Nightwoods - Charles Frazier [66]
Stubblefield acted like he hadn’t heard those last bits and said, Seeing James Brown would be like going to church and speaking in tongues. But I don’t want to quarrel about it.
—Oh, did I miss something? Luce said. Should I get out my diary? October ninth. Our first quarrel. I am devastated.
IN THE FOLLOWING DAYS, having passed on the spectacular dates, Luce tried to think of reimbursements. Breathe an autumn afternoon’s crisp breath, tilt your face up to yellow sunshine, observe ragged blue mountains lying in five folds to the sky, receive the faint daily joy that’s offered. Such as, for a couple of weeks, a tortoise with bright yellow concentric rectangles on its brown shell had walked west to east across the lawn shortly after dawn. Or that during the same period, wild hen turkeys, usually five, had come at dusk and launched themselves, one by one, into a big oak down by the lake, where they roosted to keep away from night dangers, especially all the predatory mammals that liked to eat them. And though Luce fell into that category, she wished this particular bunch luck, no matter how good one of them might taste roasted in a hickory-fired oven, with six strips of bacon draped over the breast and an apple, an orange, and an onion shoved up inside the cavity.

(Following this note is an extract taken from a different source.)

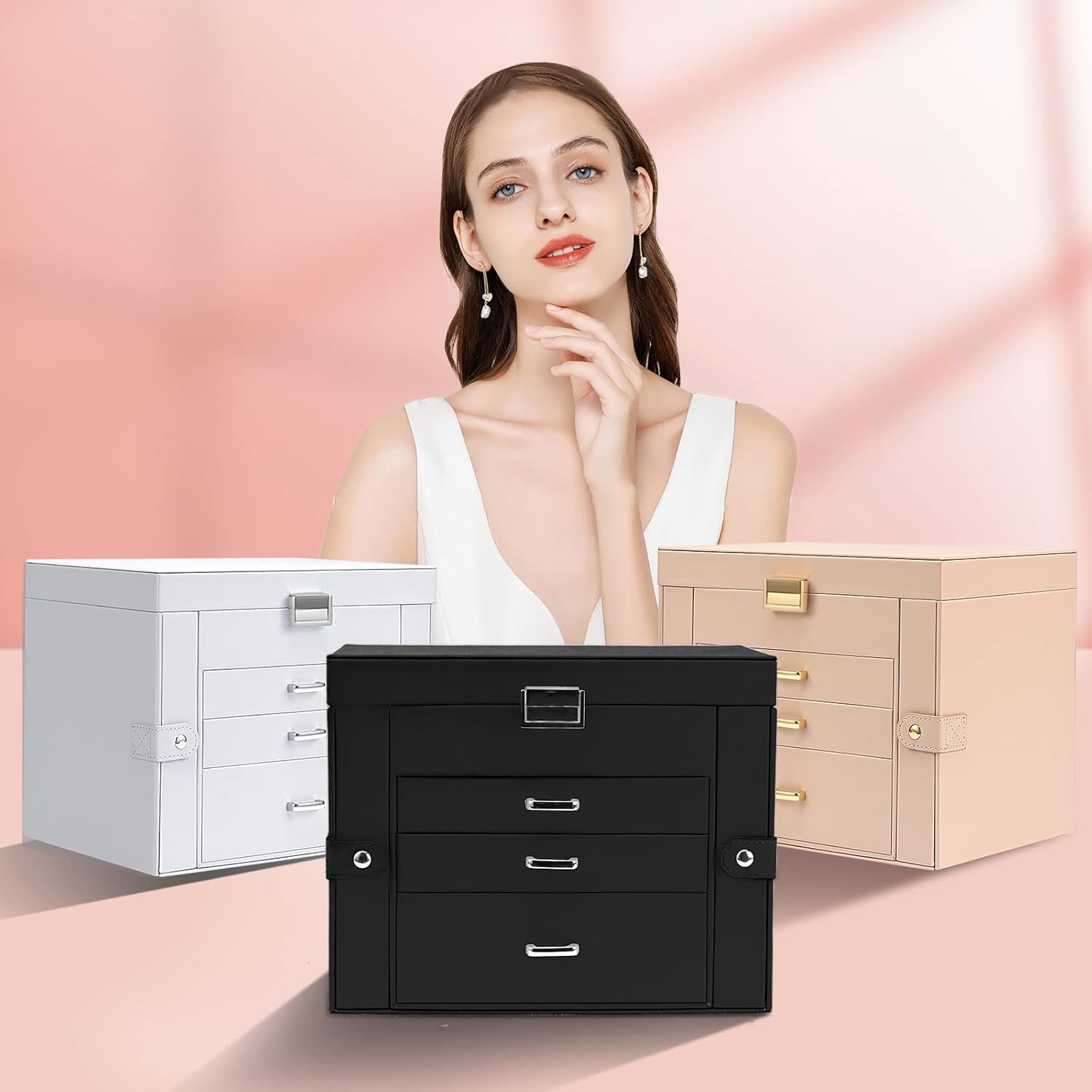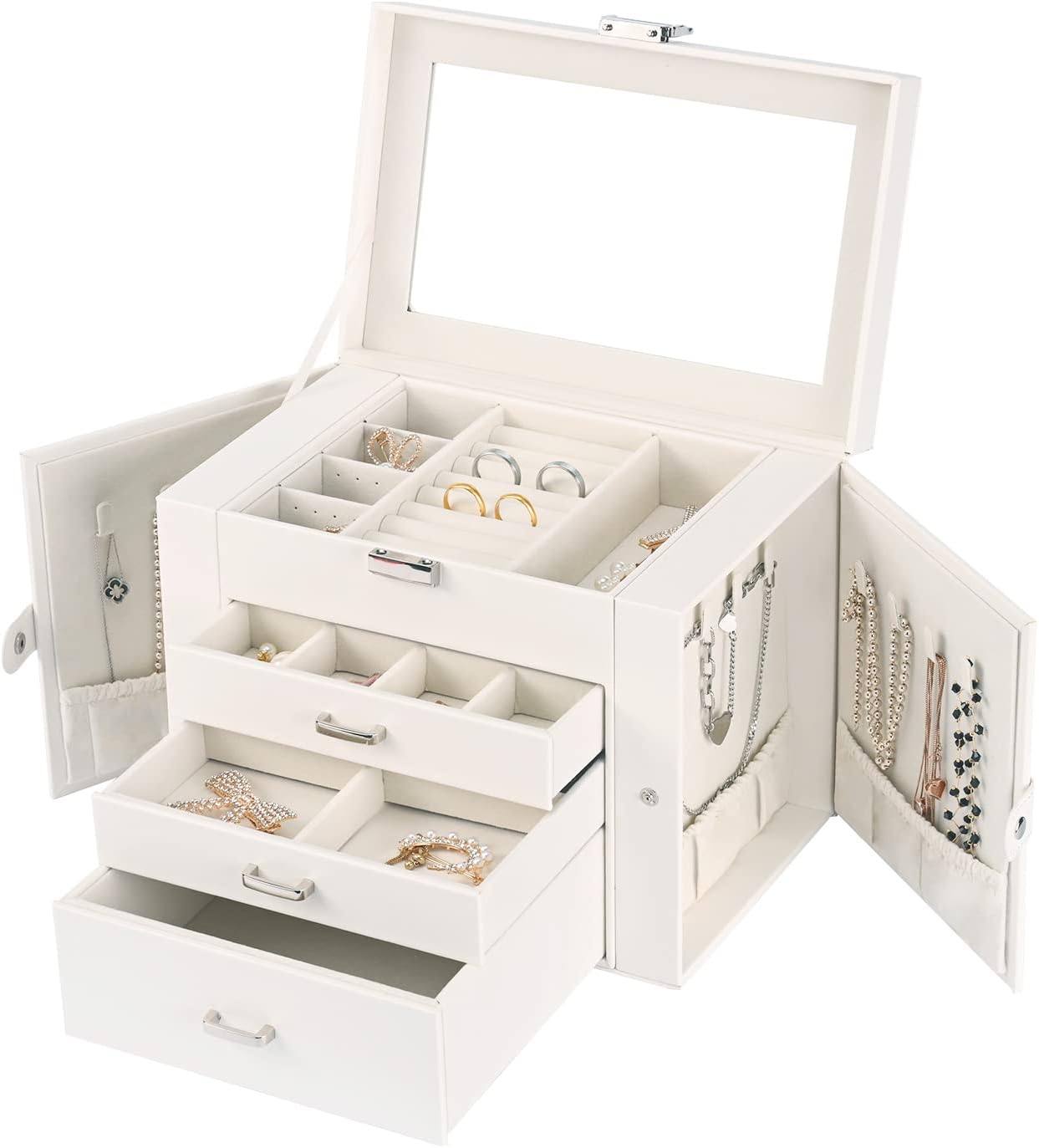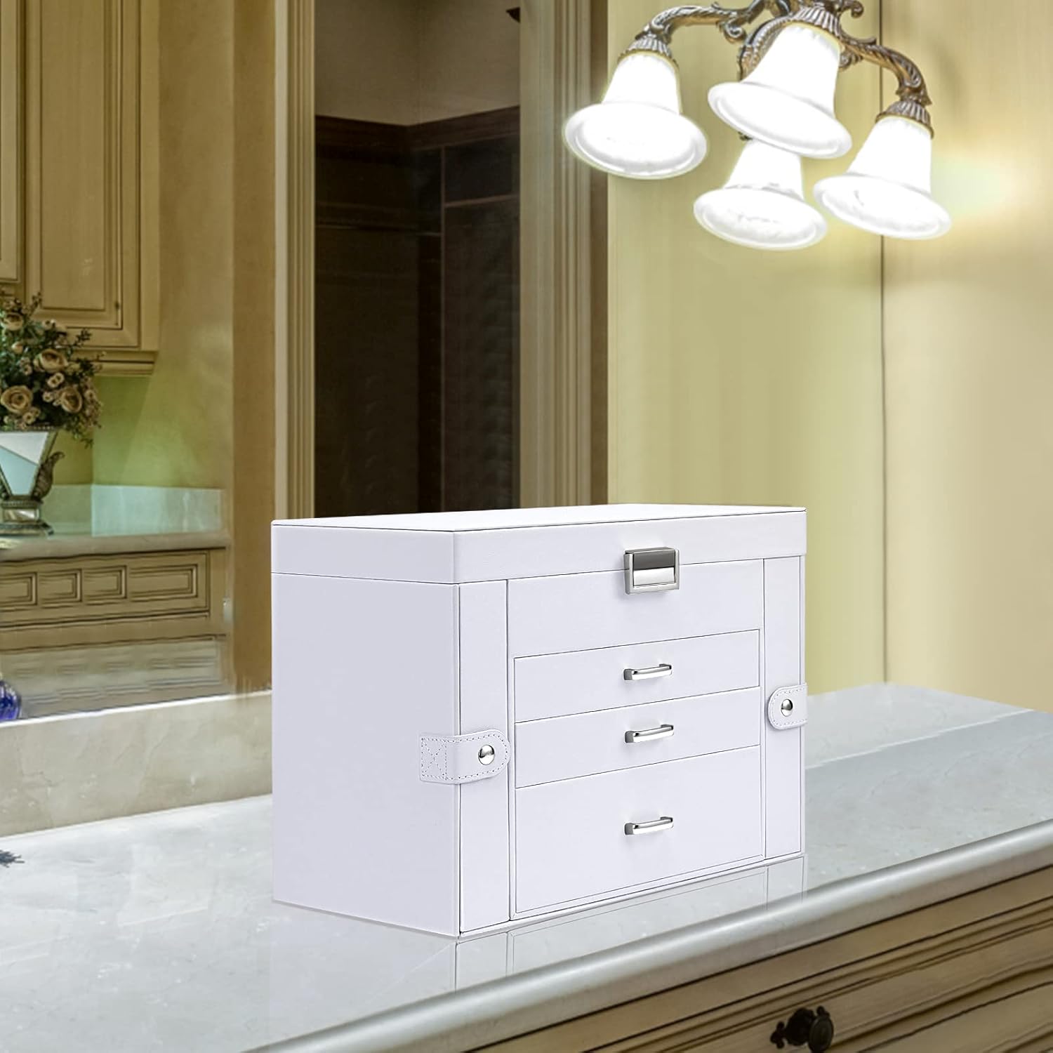Jewelry Box for Women 4-layer Leather Large Jewelry Organizer Box with Drawers&Mirror for Necklace/Ring/Earring/Watch Storage (White)

Perfect attendance, that was the goal. Try to get enough quiet so your mind lined up right, and you found out new things about yourself. The Gulf and James Brown would, no doubt, be splendid and powerful. Climactic experiences. And staying home with Dolores and Frank would be frustrating and confining and inconclusive. To little effect beyond the awful dailyness of life. The dismal failures and rare moments of minor victory. And it wasn’t even as if love factored much. Luce didn’t expect to love the children, and she sure didn’t expect them to love her ever. That was a lot to ask in either direction. But there was something she was feeling toward them, and it had to do with their survival. Damaged and scathed, they sure were. But they had lived through a ruinous encroachment. And, yet, they hadn’t become withered and tender children. They could be little fierce savages when they wanted to. Much of the time, they didn’t give two shits for your particular world and could endure pain, whether yours or theirs, as stoic as an Apache. And when they saw an opportunity, they avenged themselves against the reality they occupied. Strike a match and score a point toward getting even. Some days they seemed nearly fatal and exhausted as elderly Geronimo photographed in his later years, blank-faced but still watchful out of beady sharp eyes. Whatever feeling Luce was starting to have toward Dolores and Frank, she hadn’t yet figured out the name for. But it resided in the same family as respect.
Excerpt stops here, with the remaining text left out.